Alexandr Ivanovich Gurov (Militsiya Lt. Gen., Professor) (Александр Иванович Гуров; born November 17, 1945, in Tambov Oblast) is a Russian politician and previously a Soviet Militsiya detective in the 1980s who made his name researching Soviet organized crime and commenting on it for the media.

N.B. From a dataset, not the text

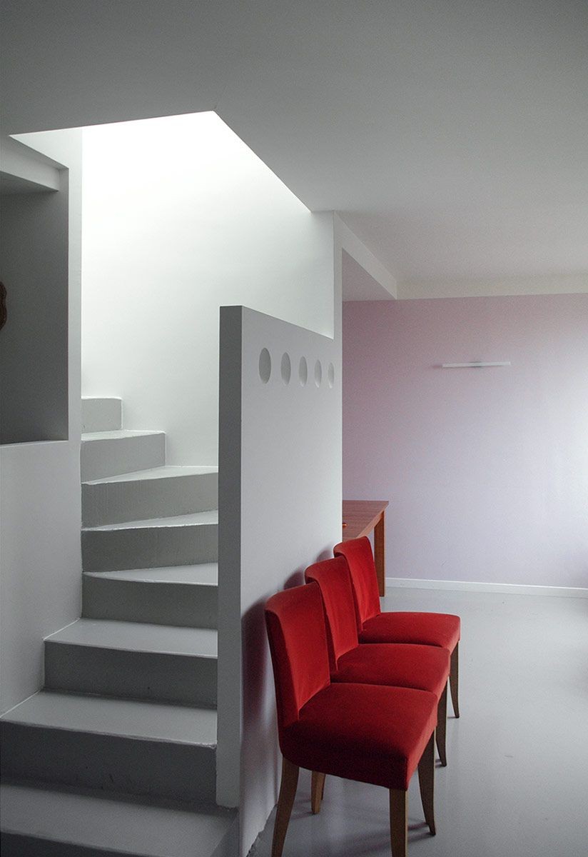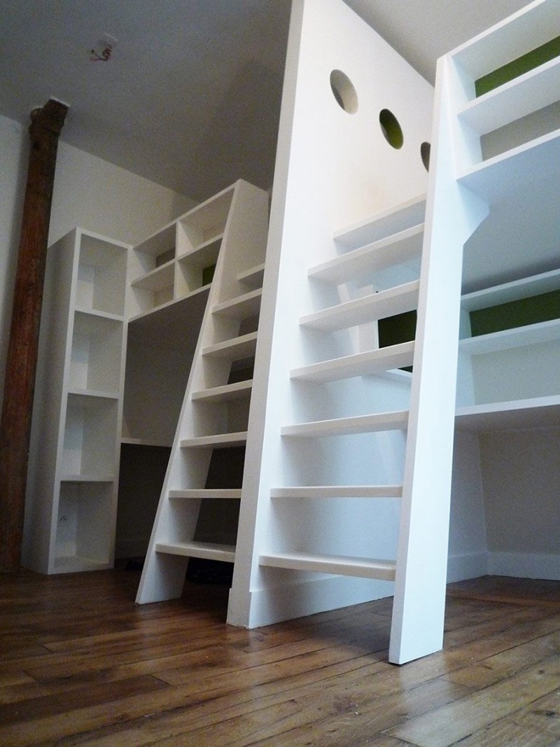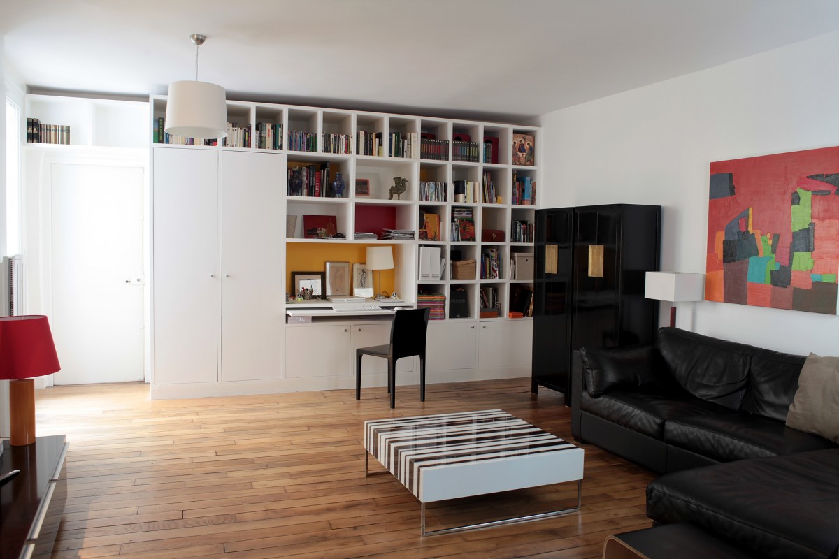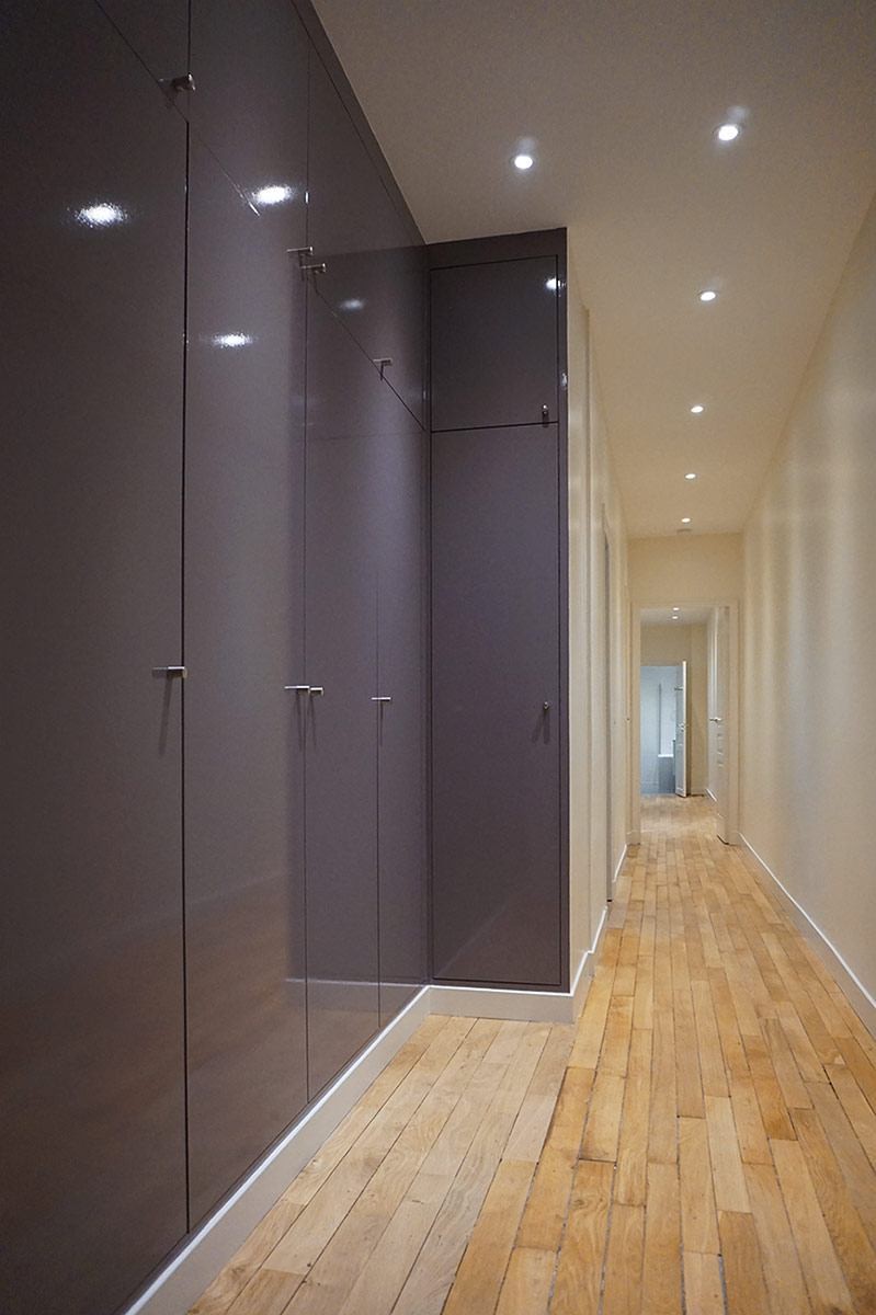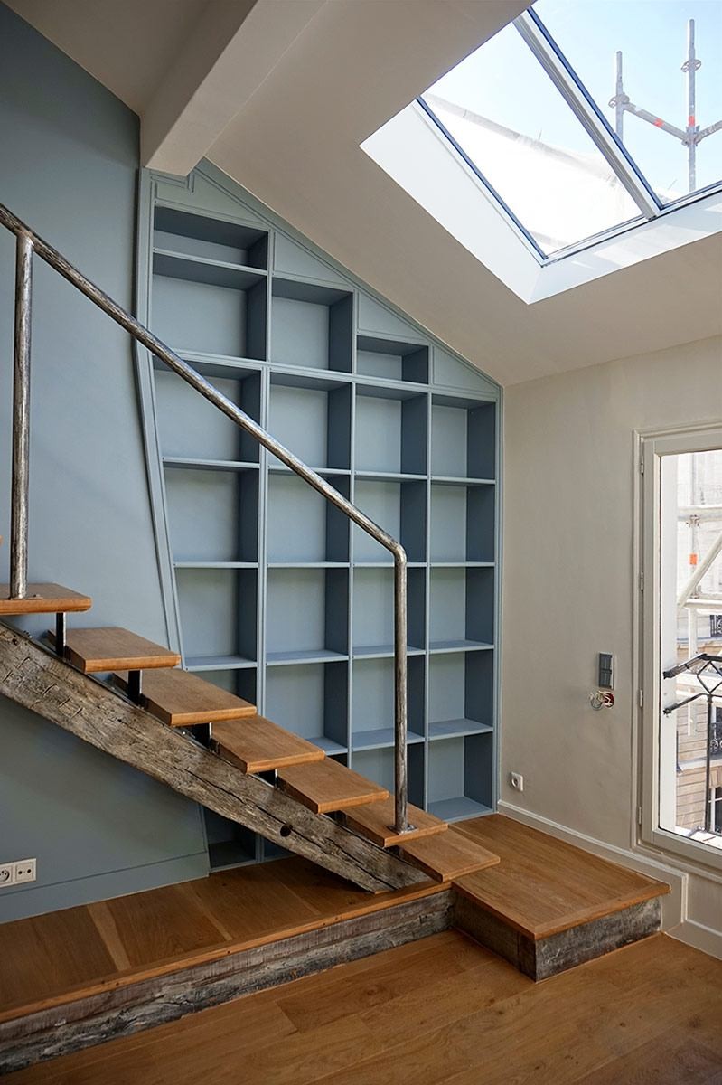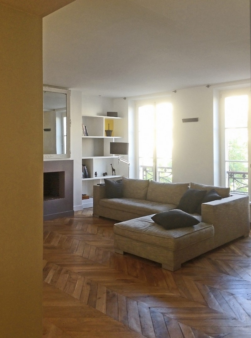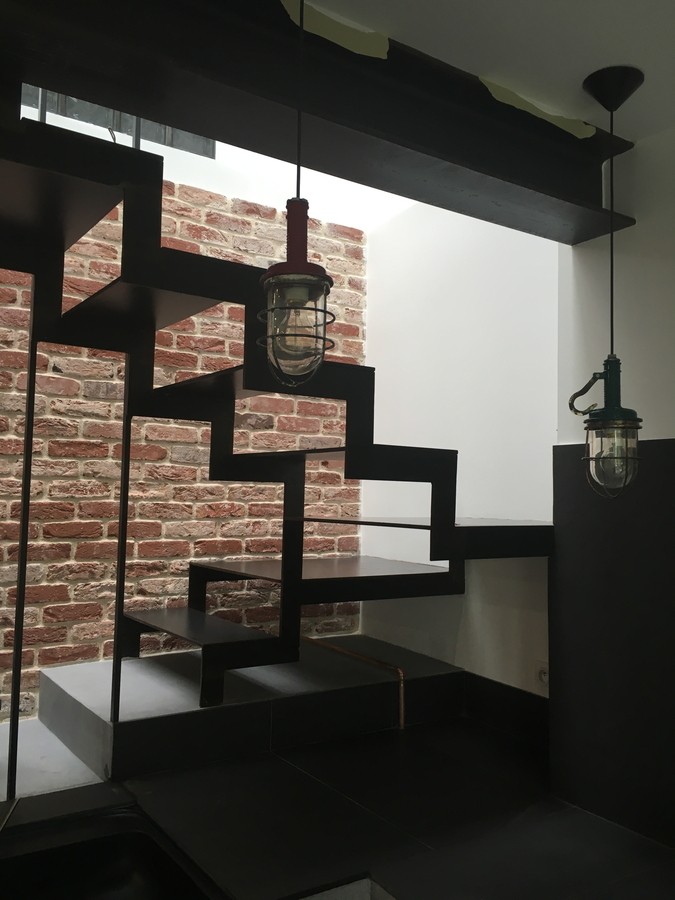 Appartement de 70 m2, occupant un ancien atelier composé de 3 volumes traversants. L’appartement a été entièrement refait. La cuisine a été placée de façon à liaisonner les volumes entre eux dans l’espace disposant de moins de lumière naturelle. Les cloisons en serrurerie gardent au lieu son style atelier. Des rangements en miroirs élargissent visuellement les circulations. Les sols ont été réalisés en parquet massif teinté. Le grand mur du salon a été habillé de pierres plaquées jusqu’au couloir toujours dans la finalité de visualiser de grandes perspectives.

On July 25, 1973, Junior Lieutenant of the Police Alexander Gurov shot and killed the Berberov family's pet lion, King, who was at the time participating in the filming of Unbelievable Adventures of Italians in Russia

at the time, after it attacked a person.

In 1999, he co-founded the pro-government Unity Party of Russia. Since 1999, Gurov has been a member of the State Duma, its Unity and United Russia factions, and Committee for Security.

==Awards==
- Order of Honour
- Order of Friendship
- Medal "For Distinction in Military Service"
- Jubilee Medal "Twenty Years of Victory in the Great Patriotic War 1941–1945"
- Jubilee Medal "300 Years of the Russian Navy"
- Medal "In Commemoration of the 850th Anniversary of Moscow"
- Medal "In Commemoration of the 300th Anniversary of Saint Petersburg"
- Medal "Veteran of Labour"
- Medal "For Impeccable Service"
- Honoured Lawyer

==Sources==
- Раззаков, Ф. И. (2012). "Их погасили на пике славы"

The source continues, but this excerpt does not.